I'm trying to convert a Pandas dataframe to a NumPy array to create a model with Sklearn. I'll simplify the problem here.
>>> mydf.head(10)
IdVisita
445 latam
446 NaN
447 grados
448 grados
449 eventos
450 eventos
451 Reescribe-medios-clases-online
454 postgrados
455 postgrados
456 postgrados
Name: cat1, dtype: object
>>> from sklearn import preprocessing
>>> enc = preprocessing.OneHotEncoder()
>>> enc.fit(mydf)
Traceback:
ValueError Traceback (most recent call last)
<ipython-input-74-f581ab15cbed> in <module>()
2 mydf.head(10)
3 enc = preprocessing.OneHotEncoder()
----> 4 enc.fit(mydf)
/home/dukebody/Apps/Anaconda/lib/python2.7/site-packages/sklearn/preprocessing/data.pyc in fit(self, X, y)
996 self
997 """
--> 998 self.fit_transform(X)
999 return self
1000
/home/dukebody/Apps/Anaconda/lib/python2.7/site-packages/sklearn/preprocessing/data.pyc in fit_transform(self, X, y)
1052 """
1053 return _transform_selected(X, self._fit_transform,
-> 1054 self.categorical_features, copy=True)
1055
1056 def _transform(self, X):
/home/dukebody/Apps/Anaconda/lib/python2.7/site-packages/sklearn/preprocessing/data.pyc in _transform_selected(X, transform, selected, copy)
870 """
871 if selected == "all":
--> 872 return transform(X)
873
874 X = atleast2d_or_csc(X, copy=copy)
/home/dukebody/Apps/Anaconda/lib/python2.7/site-packages/sklearn/preprocessing/data.pyc in _fit_transform(self, X)
1001 def _fit_transform(self, X):
1002 """Assumes X contains only categorical features."""
-> 1003 X = check_arrays(X, sparse_format='dense', dtype=np.int)[0]
1004 if np.any(X < 0):
1005 raise ValueError("X needs to contain only non-negative integers.")

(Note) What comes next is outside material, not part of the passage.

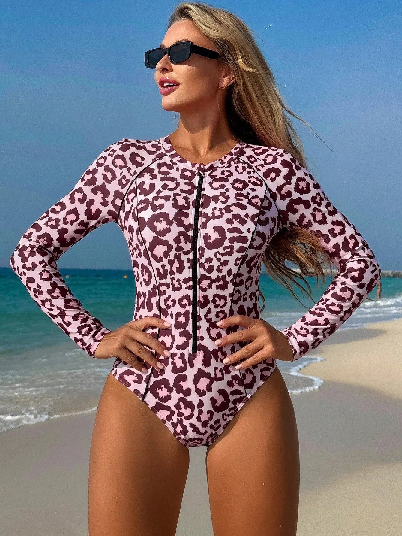 ✅ Conjunto esportivo casual com estampa de leopardo e padrão texturizado

/home/dukebody/Apps/Anaconda/lib/python2.7/site-packages/sklearn/utils/validation.pyc in check_arrays(*arrays, **options)
279 array = np.ascontiguousarray(array, dtype=dtype)
280 else:
--> 281 array = np.asarray(array, dtype=dtype)
282 if not allow_nans:
283 _assert_all_finite(array)
/home/dukebody/Apps/Anaconda/lib/python2.7/site-packages/numpy/core/numeric.pyc in asarray(a, dtype, order)
460
461 """
--> 462 return array(a, dtype, copy=False, order=order)
463
464 def asanyarray(a, dtype=None, order=None):
ValueError: invalid literal for long() with base 10: 'postgrados'
Notice IdVisita is the index here and numbers might not be all consecutive.
Any clues?
Your error here is that you are calling OneHotEncoder which from the docs
The input to this transformer should be a matrix of integers
but your df has a single column 'cat1' which is of dtype object which is in fact a String.
You should use LabelEcnoder:
In [13]:
le = preprocessing.LabelEncoder()
le.fit(df.dropna().values)
le.classes_
C:\WinPython-64bit-3.3.3.2\python-3.3.3.amd64\lib\site-packages\sklearn\preprocessing\label.py:108: DataConversionWarning: A column-vector y was passed when a 1d array was expected. Please change the shape of y to (n_samples, ), for example using ravel().
y = column_or_1d(y, warn=True)
Out[13]:
array(['Reescribe-medios-clases-online', 'eventos', 'grados', 'latam',
'postgrados'], dtype=object)
Note I had to drop the NaN row as this will introduce a mixed dtype which cannot be used for ordering e.g. float > str will not work
A simpler approach is to use DictVectorizer, which does the conversion to integer as well as the OneHotEncoding at the same step.
Using it with the argument DictVectorizer(sparse=False) allows getting a DataFrame after the fit_transform to keep working with Pandas.